Here we go with semantics again..
Pass tunes their amp to sound its best based on a group of people listening and adjusting the final sound to their liking. They always seem to measure well and with low distortion according to the reviews. dartzeels lastest amps don’t really measure well either but that doesn’t stop them from being considered amongst if not the best out there.
First watt is a different animal.. minimalistic amps , low power with no feedback, little feedback, added distortions, etc They aren’t mainstream and need to be properly matched. Sometimes they feel the need to add feedback to get a better sound, Sometimes they don’t use feedback at all. Whichever FW amp you choose, it’s clearly described on how it’s designed and what to expect.. I didn’t choose my amp based on specs or types of supposed distortions.. but what it sounds like in my system..
I didn’t choose my amp based on specs or types of supposed distortions.. but what it sounds like in my system..And there is someone like me that choose the worst measuring amplifier that i could find!
If we say like this: that amplifier in my dedicated 2ch symmetrical and treated room sounds actually great.

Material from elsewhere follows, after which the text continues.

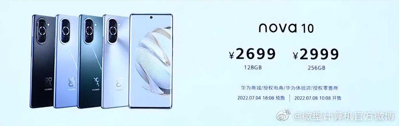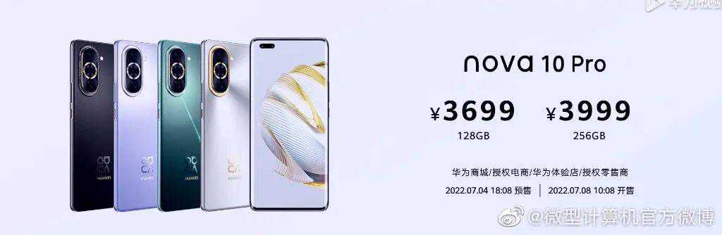 华为nova10系列将于2022年7月8日10:08正式开售,共有“10号色”“曜金黑”“普罗旺斯““绮境森林”四种颜色提供选择。其中华为nova10128G版本2699元;华为nova10256G版本2999元;华为nova10Pro128G版本3699元;华为nova10Pro256G版本3999元,敬请期待。

But if we for one second imagine that the worst measuring amplifier sounds actually "good".
Then maybe we can start to reflect over how much or little measurements actually says about sound quality?!
OK I will go out on a limb here and post a YouTube video of my system playing a track captured by my crappy phone (maybe some sound quality is preserved somewhere to indicate that a clone of pass ACA with <5w/ch that measure terrible)
You also **at the same time** must have the same distortion percentage at 100Hz, 1000Hz and 10,000Hz. Many solid state amps have excellent distortion figures at 100Hz, which is why they are usually measured at that frequency. But if you measure at higher frequencies, like 10KHz, you find that the distortion is higher.If you get rid of distortion and phase shift across all frequencies, will all amps sound the same? Should they? Even with different topologies, parts? No more house sounds?
What amps have taken this to the mathematical extreme?
If you get rid of distortion and phase shift across all frequencies, will all amps sound the same? Should they? Even with different topologies, parts? No more house sounds?If their output impedance is also the same then at that point, yes, they will all sound the same assuming their power supplies are up to the task.
I would not characterize doing this as a mathematical extreme. Its simply what you do if you want to get it right.
The key is getting enough feedback and at that point it won't matter if its tube, solid state or class D. This is almost impossible with tubes as there are usually too many frequency poles resulting in a low 'Phase Margin'. If the phase margin of any amp is exceeded when feedback is applied, the amp will go into oscillation. This is one reason why tube amps tend to have less feedback than solid state, the other being that they are also inherently more linear and don't need that much feedback to have acceptable distortion figures.
Designers who have been up to the task of installing enough feedback in traditional solid state designs are rare. But it appears that the Benchmark and the Soulution are two amps where this is exactly what has been done.
In class D this is possible though a different means which is to add so much feedback that the phase margin of the amp is exceeded, causing it to oscillate. The oscillation is then used as the switching frequency. Such amps can employ quite a bit of feedback and the sound of them is really all about how well the power supply is built.